Front Burner concept Sixty Vines is thriving with a wine-on-tap model perfectly suited for customers of all ages and price points.

Velvet Taco is one such concept. The brand received a significant investment from L Catterton in 2016 and is poised for rapid growth.

Dewitt has pretty much seen it all at this point of his career. He started with Half Shell’s Oyster Bar & Grill in University Park, Texas, in 1994. Dewitt went on to build Rockfish, a brand that caught the eye of Brinker International. With the backing of the publicly traded giant, the concept grew too quickly and swerved off course. Dewitt ended up buying the company back and contracting it before selling it again.

Dewitt partnered with Scott Gordon to create Twin Peaks in 2005, and it took off quickly, experiencing over 50 percent year-over-year growth from 2012—2015.

These days, Dewitt and Front Burner are in a place where developing restaurants feels like trying on a tailored suit. The company doesn’t need to expand as much as it strives to create something lasting and memorable.

“Being cutting edge is exciting. We don’t just create concepts because we can,” he says. Dewitt uses upcoming seafood concept The Keeper as an example. “We have direct sourcing from fishermen in Alaska and the Pacific Rim, just from travels and friendships and some relatives that will allow us to source fresher and better seafood than we think anybody else in the Dallas-Fort Worth area. That’s why we’re bringing that brand to life. Otherwise we probably wouldn’t have done it. We would never say, ‘Let’s just do a seafood concept in the same every other seafood restaurant in the area does.’ That’s not who we are.”

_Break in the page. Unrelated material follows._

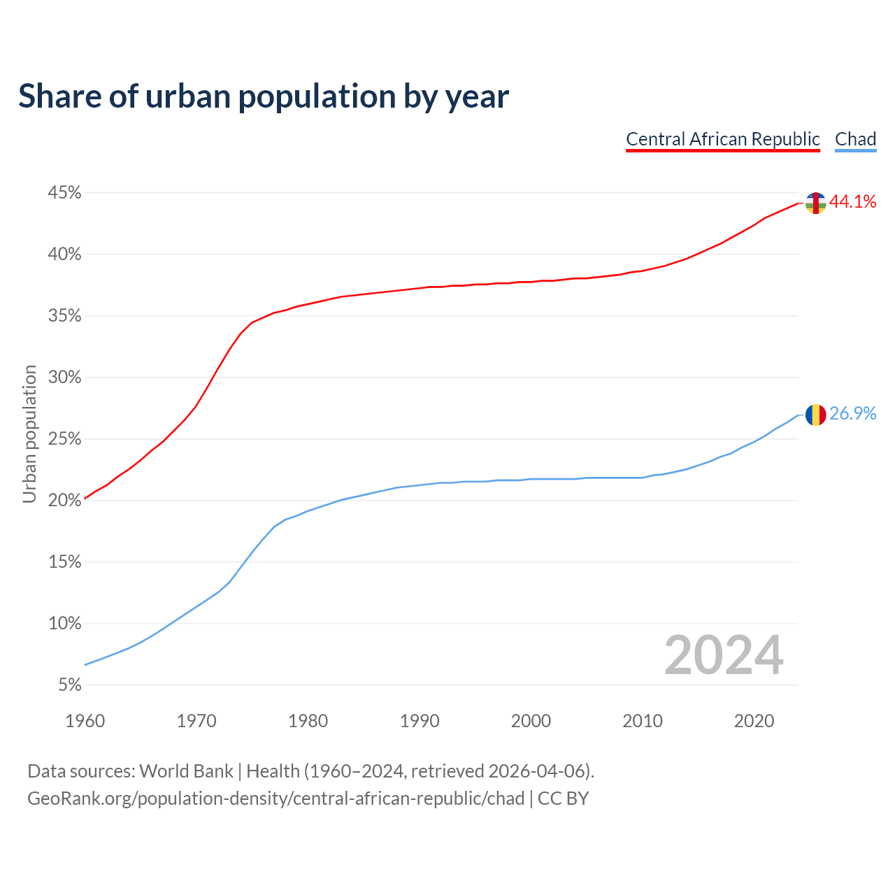 From 2004 to 2024, the share of urban population changed from 38% to 44.1% in the Central African Republic and from 21.7% to 26.9% in Chad.

Dewitt sold Rockfish for a second time nearly 10 years ago, a summer decision that involved cutting bait with casual dining in a sense. In Dewitt’s view, the segment is oversaturated and rigid. There are too many seats and too many options.

“The real opportunity is how to reuse some of that real estate because casual dining is closing more restaurants than they’re opening right now,” he says.

Polished casual, on the other hand, is a different story. Why? “It’s driven by food quality and the fact that most polished casual restaurants are more locally owned and owner operated,” he says. “They’re not chains. They might be small, regional operations that have a dozen or fewer restaurants. That’s just more appealing to consumers.”

Velvet Taco has big plans for growth.

And from a sourcing equation, smaller chains, Dewitt says, are far more nimble when it comes to delivering the farm-to-table promise so many consumers yearn for.

“To cede that level of control, to the restaurant level, about what’s on their menus is really difficult for those larger chains,” he says. “… Especially the publicly traded ones because food cost margins, things like that, are controlling a lot of their decisions.”

Another point Dewitt makes is that Front Burner has the ability, as a multi-concept company, to fit its restaurants to the real estate—not the other way around. Recently on a tour in Houston, advisers showed Dewitt a space they felt could work for Sixty Vines. While it would likely succeed there, Dewitt recognized the venue as a much snugger fit for a future concept set to debut this fall.

“We can just call an audible and say we’re going to do this. I think that’s a strong advantage to keep the company growing,” he says.

Creativity and innovation bring Dewitt back to Legacy Hall. Regardless of which space he explores, the foodservice industry is more diverse and lively than it’s ever been.

“Just look at the trend of consumers being so excited about food,” he says. “It’s amazing who I meet and they say they watch [food shows on TV]. They just run out of other ideas or there are no more football or basketball games to watch so they turn on food. And they’re not even a foodie but they become one by consuming that content. If you think about that, it’s a pretty exciting prospect for the industry and for the future of this business. We’re excited to be a leading part of it.”